1. Try changing the linear function (choosing between getLinear1,
getLinear2, getLinear3; see toggle comment). Can we recover each of
the linear filters properly?

2. Try changing the nonlinear function (choose between 
getNonlinear1, getNonlinear2.m) and keeping getLinear1. 
Can we recover the linear filter of the neuron for each 
of these nonlinearities? If not, then why?

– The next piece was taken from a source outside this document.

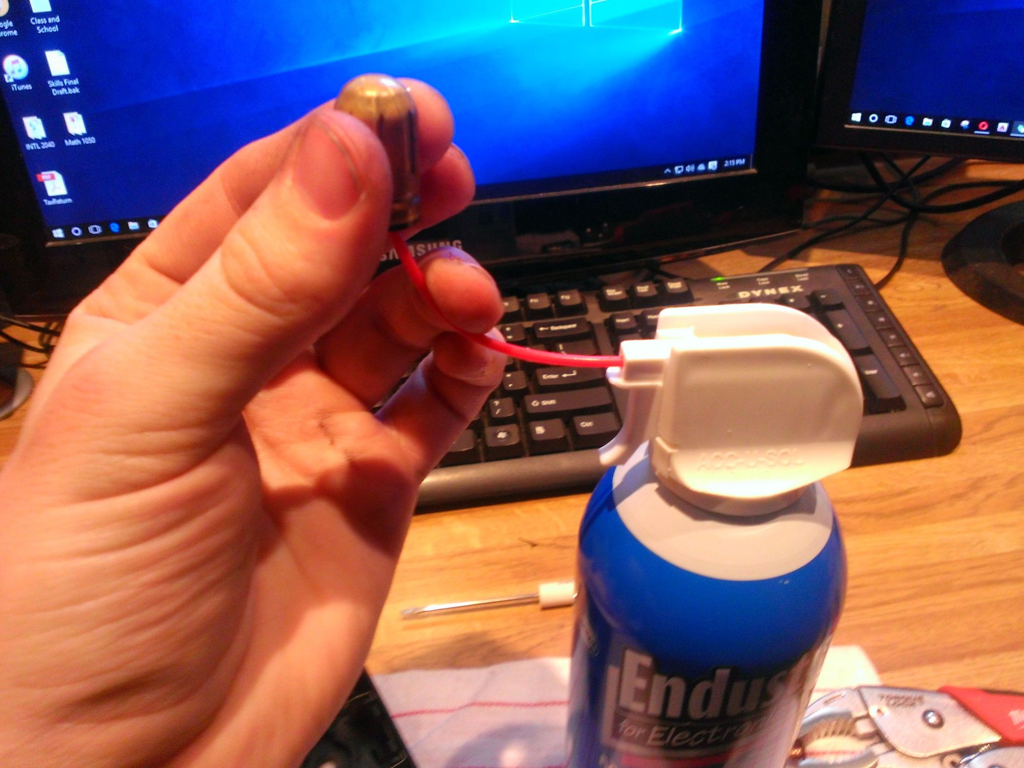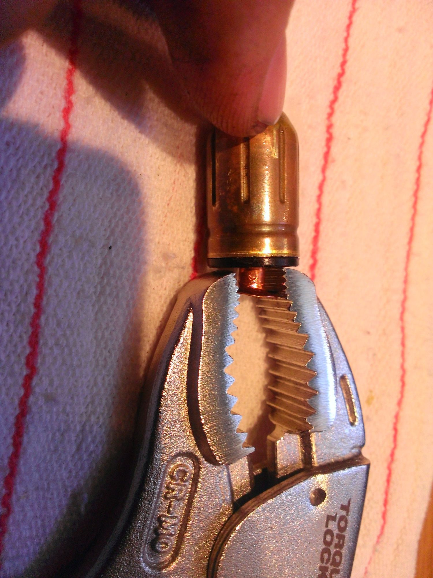 To clean the interior of the switch you will need: small flat screwdriver, pliers, razor blade, 10 mm socket(not pictured), volt meter, WD40 and canned air. https://cimg8.ibsrv.net/gimg/www.che...8ea66cbf07.jpg To start, unplug the light, take off the cover, then remove bulb and 10 mm bolt. https://cimg9.ibsrv.net/gimg/www.che...862a82c4c7.jpg The switch is the small bullet shaped brass piece with a copper pin inserted in the plastic cap on the bottom. Inside is a steel ball. When tipped into an upright position the ball contacts the side of the brass chamber and the copper pin, closing the circuit. Mine was corroded internally. Pry up the switch from the top to remove. https://cimg8.ibsrv.net/gimg/www.che...32a52fdc47.jpg Using a razor edge and a flat screwdriver the copper pin can be pulled out partially, then removed with pliers. https://cimg2.ibsrv.net/gimg/www.che...a50b4a4209.jpg https://cimg3.ibsrv.net/gimg/www.che...5ae633625b.jpg https://cimg4.ibsrv.net/gimg/www.che...028ef594e5.jpg Couldn't get a good picture of the ball inside. https://cimg8.ibsrv.net/gimg/www.che...04c5f18155.jpg Kind of dirty, pic was taken in the middle of cleaning. WD40 is probably not the best cleaning agent, it's what I had on hand and did the trick. https://cimg5.ibsrv.net/gimg/www.che...a61016309a.jpg Blast the residue out with canned air. I bent the nozzle up and held a shop towel around the bottom, there was a lot of fluid inside. https://cimg4.ibsrv.net/gimg/www.che...d56936fb3a.jpg Replace copper pin and put switch back in the housing. Check for continuity with ball in the bottom of the chamber. (Clean again if necessary) Reinstall. https://cimg0.ibsrv.net/gimg/www.che...ec8ba98be3.jpg Zero Ohms means it's good to go. https://cimg2.ibsrv.net/gimg/www.che...de57468949.jpg https://cimg4.ibsrv.net/gimg/www.che...185ffe664f.jpg |

3. Keep the original getLinear1 and getNonlinear1 for the model neuron. Try lowering the numsamples in the code above
(example, to 200, 700, and 2000)? Plot the 
filter estimates for these. How good are the filter estimates compared to the actual model filters? Why does the quality of the filter estimate look worse in some of these cases?

Real data:

4. Plot the linear filter that you found for the fly neuron based on the STA. Explain how it is simiilar to or different from the example model filters we used.